All well and good. All potentially interesting. But Abe's enlightened tyranny is greatly aided by Shakespeare being really most sincerely dead.

I, like Mac, admire Abe's fire in the belly. Still, I think his philosophy illustrates a core reason behind the conflict between playwrights and directors.

I don't know what Shakespeare was after with Titus, and neither do you. While this is less relevant when dealing with an older play, where the challenge primarily lies in finding what the essence of the drama is and how it speaks to a contemporary audience, the director would be wise to give it passing thought. When dealing with a new play, the playwright's intentions are (argued the playwright) paramount.

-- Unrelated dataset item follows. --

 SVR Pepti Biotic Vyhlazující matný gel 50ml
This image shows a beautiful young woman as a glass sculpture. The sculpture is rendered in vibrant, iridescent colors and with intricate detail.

Abe doesn't go into this. He seems to be speaking strictly of revivals. Although revivals can get famously contentious too. Just try to stage a major production of Beckett that reinterprets Beckett's specific directions; you'll get a face-full of irate estate lawyers. But Abe's directorial philosophy illustrates why the sparks fly as soon as a breathing playwright enters the picture. The director has a vision, and everything would be copasetic, except that there's this annoying scrivener in the corner saying that the way she's playing Act II Scene iii is wrecking the whole thing!

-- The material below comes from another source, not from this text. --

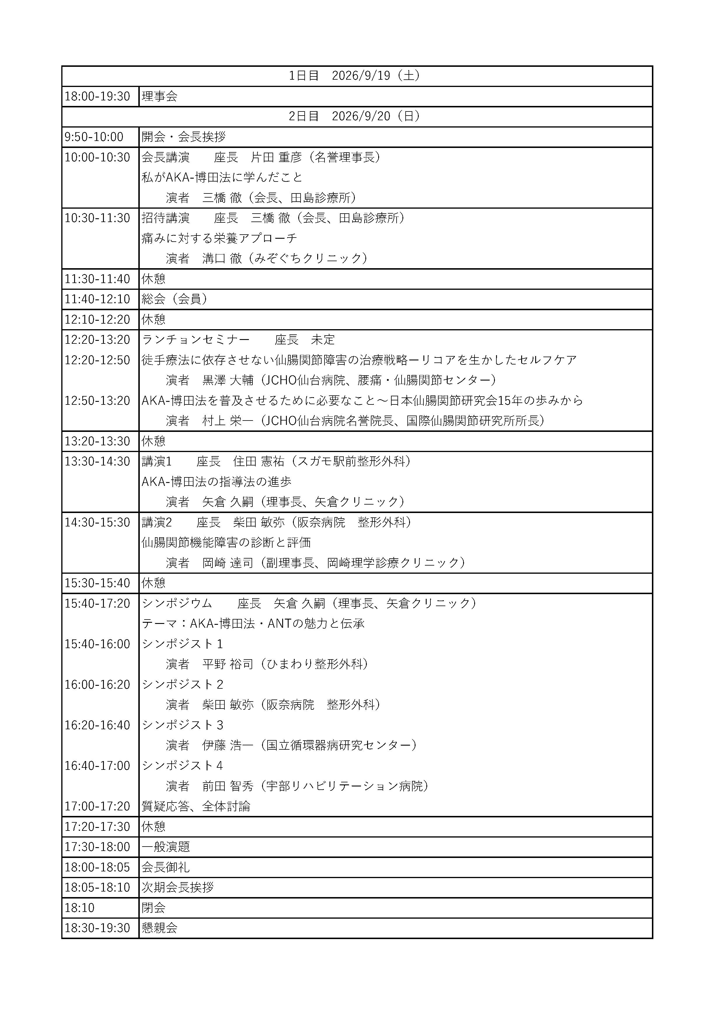 シンポジウムでは、AKA-博田法・ANTの魅力と伝承をテーマに、指導医A・指導者Aの先生方、平野裕司先生、柴田敏弥先生、PTの伊藤浩一先生、OTの前田智秀先生にご講演をいただきディスカッションをいたします。

That's why some directors implement a strict "no writers" rule in the rehearsal room. It's because that writer is the only person who can protest not just details but a whole concept with some degree of authority. In Abe's hierarchy of production, this can't stand. It's as Lenin said to Trotsky, or any Immortal Highlander will tell you, There can only be one.

Walk through a mental exercise with me. Say that Shakespeare was alive today. Furthermore, let's suppose that his intention with Titus was to bring to the stage "a cartoon [that] would be really funny and risky and modern," as Abe decried recent Titus's. Here's a recipe for sparks. Presumably Abe would turn down the job (if there's no pay) or hold his nose and do it Bill's way (pay). Now let's say that Shakespeare's vision is mostly aligned with Abe's, but there's some disagreement on one major issue. Bill believes that Lavinia's stump-armed carving of her rapists names into the dirt is a moment of comic relief, of a sort. He thinks the actress hsould put a little pratfall into it. Abe (I'm guessing) balks at this, preferring a painful exploration of what it's like to handlessly scratch out names with a stick in the dirt. This argument continues, right up to opening night. Now, you're the actress playing Lavinia. Setting aside your own aesthetics, whom do you heed?

I think I know what most answers will be, but I'd still love to hear them.